Net asset values aren't best way to compare funds

I am trying to compare Fidelity Spartan 500 Index with Vanguard 500 Index. Why are the NAVs (net asset values) for these two funds so different? Their expenses and holdings are pretty similar.

It's good to see you are comparison-shopping. But, it turns out, focusing on NAVs won't tell you much about a fund.


A fund's NAV is its "price per share." To calculate NAV, the fund company adds together the underlying value of all the securities in a fund's portfolio, subtracts the fund's expenses and then divides by the number of fund shares.

Armed with a definition of NAV, let's return to the question. As their names suggest, Fidelity Spartan 500 Index (FSMKX) and Vanguard 500 Index (VFINX) are index funds that mimic the S&P; 500. As a result, the funds should own identical stocks and behave nearly identically.


Very different NAVS

But these two funds have very different NAVs. As of the end of June, Fidelity Spartan 500 Index had an NAV of $67.25, while Vanguard 500 Index had an NAV of $90.02. What gives? With its lower NAV, is Fidelity Spartan 500 an inferior performer? Or is Fidelity Spartan 500 Index a better bargain because its NAV is lower?

The answer to both questions is a resounding "no." In fact, the funds' differing NAVs don't mean much of anything. Their NAVs are different because of a couple of logistical issues.

For one thing, the Fidelity Spartan fund and the Vanguard fund started at different times and at different initial NAVs. (There are no set standards for what a fund's starting NAV must be, but $10 is common.)

According to our data, Fidelity Spartan 500 Index began life in 1990 at an initial NAV of $25. Vanguard 500 started way back in 1976 at an NAV of $14.14. Those different starting points will mean that the funds won't necessarily share the same exact NAV at any time.

Different timing

Moreover, a fund's NAV can fall if a fund pays out capital gains. Thus, funds can follow identical strategies - as these two index funds do - but the timing of purchases and sales may not be exactly the same. This can result in one fund paying out a capital gain while the other does not. As a result, the funds' NAVs may differ somewhat.

Instead of using NAVs to compare the two funds' performance, you should use total returns. Total returns give investors a much clearer picture of how two similar funds perform over time.


Over the trailing 10 years through June 30, Vanguard 500 has returned 9.97 percent, while Fidelity Spartan 500 has returned 9.80 percent. Thus the performance difference is actually pretty small - although the Vanguard fund does enjoy a slight lead.

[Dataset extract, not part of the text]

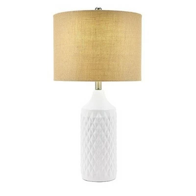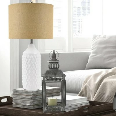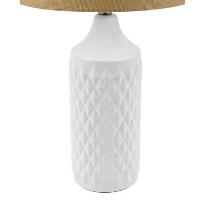 - ELEGANT AND STYLISH: This unique ceramic table lamp features a textured quilted patterned body with white finish and burlap shade. This attractive light is the perfect addition to your living room, bedroom, family room, dorm room, home office, craft room, kitchen or any open concept living space. Great for apartment living or DIY home remodeling projects and suits a variety of styles including transitional, coastal, modern, contemporary, global and traditional decor.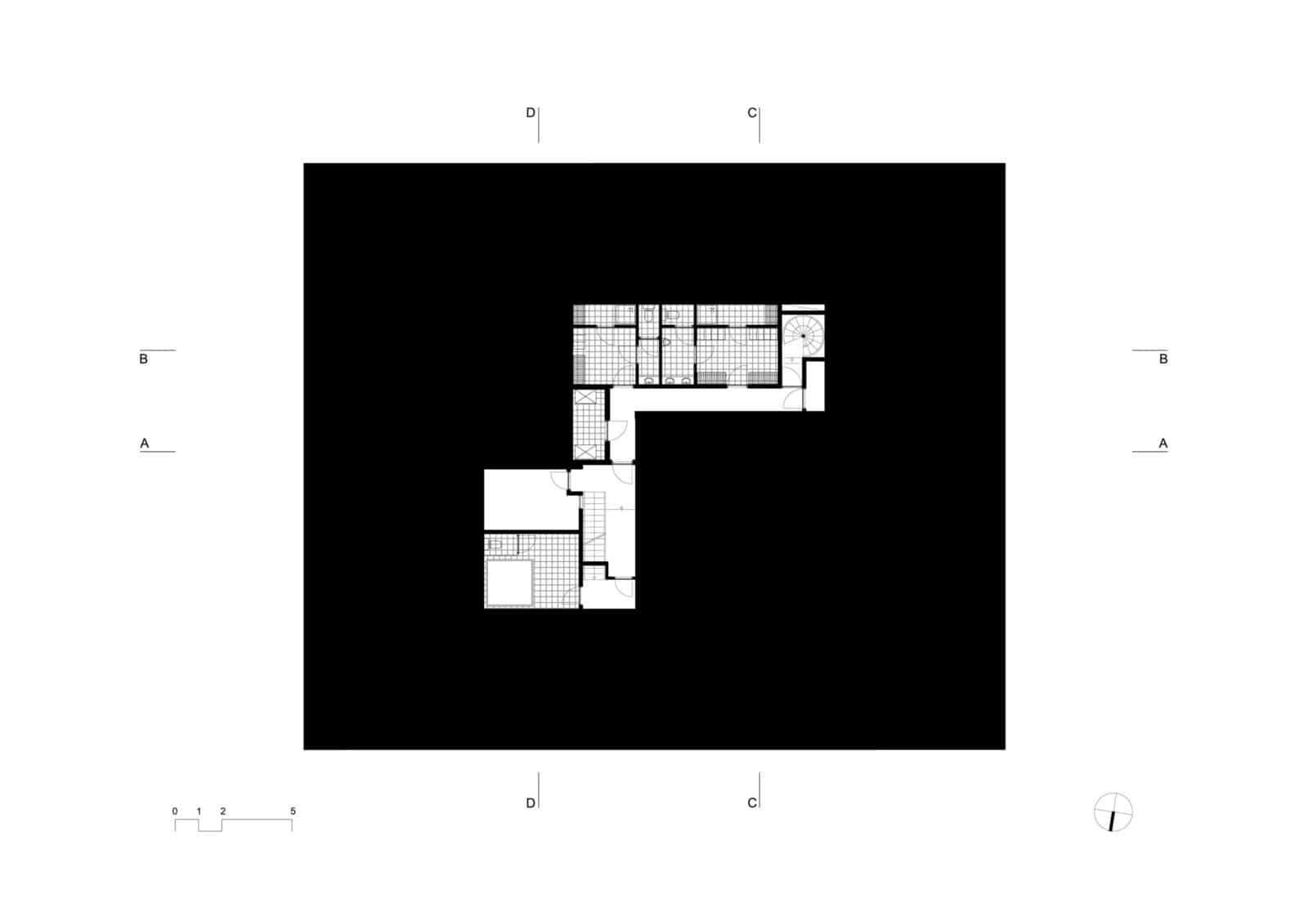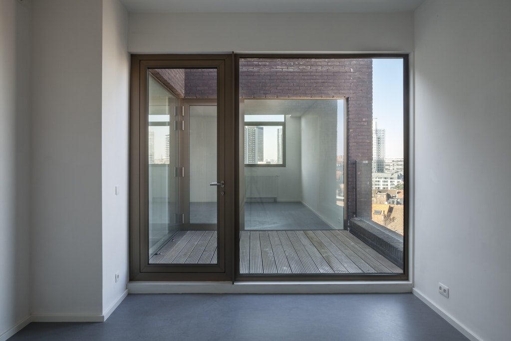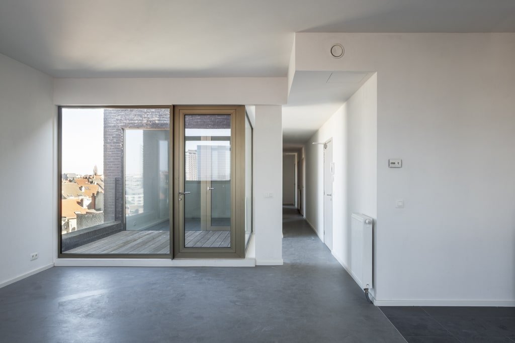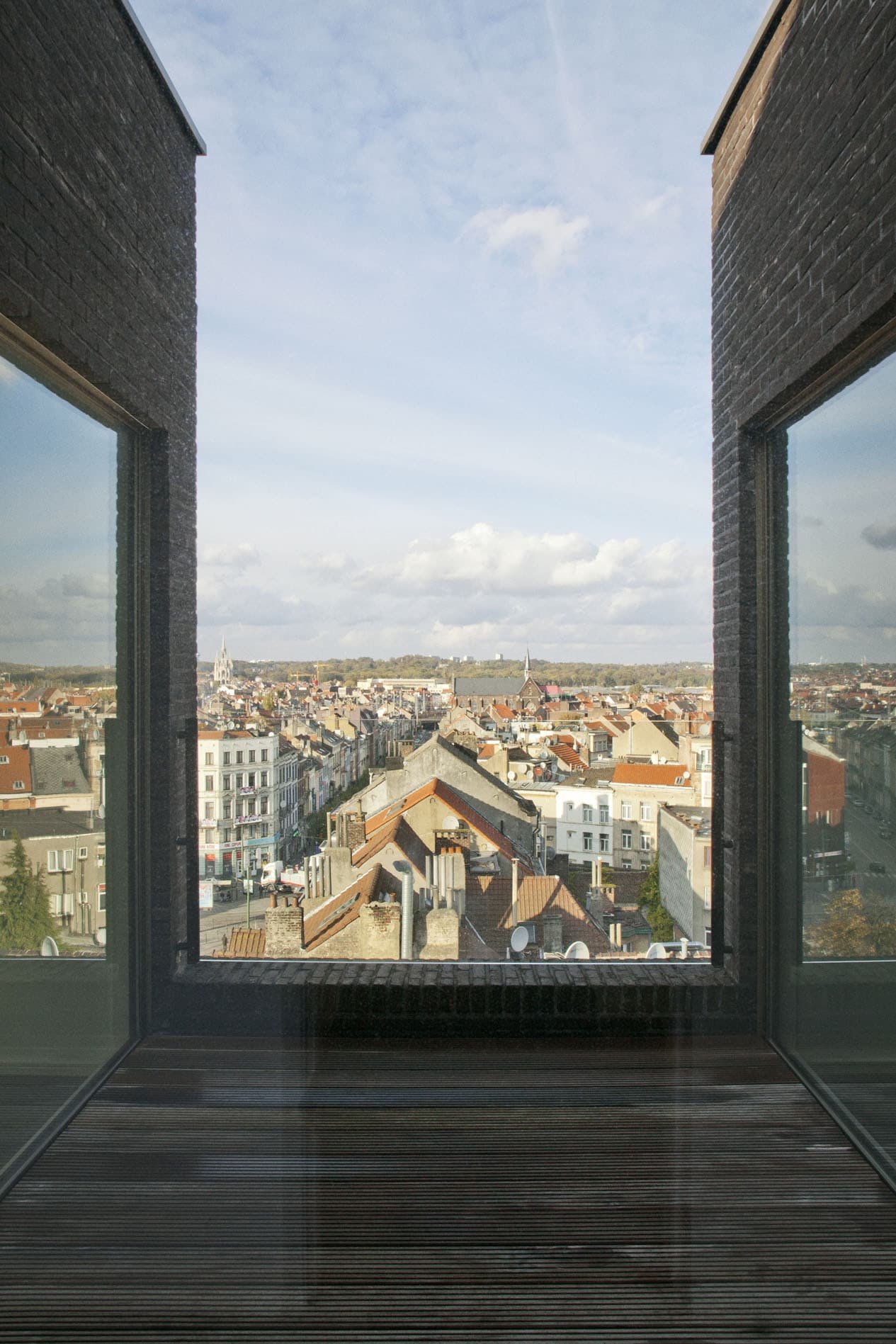 Olivier Dubucq : La topographie du terrain mais surtout sa position dans la ville nous ont immédiatement amené à établir cette typologie : habiller un grand mitoyen en attente tout en faisant face à la place Liedts et finalement à une partie extrêmement large du paysage au nord de Bruxelles, d’est en ouest, et même au-delà …

In its early years, the Fidelity fund was somewhat more expensive, which might explain why it has lagged behind the Vanguard 500 fund.

Futures strategy

Moreover, Vanguard 500's manager, Gus Sauter, has managed his fund's small cash stake using futures, which has sometimes helped him to meet - or even beat - his benchmark. Together, these factors have given the Vanguard 500 a small leg up over the Fidelity fund, although both are good, low-cost index options.

In general, investors should focus more on total returns than NAVs when evaluating mutual funds' performance. And, of course, investors should also consider such issues as expenses, manager tenure, investing style, volatility and after-tax results.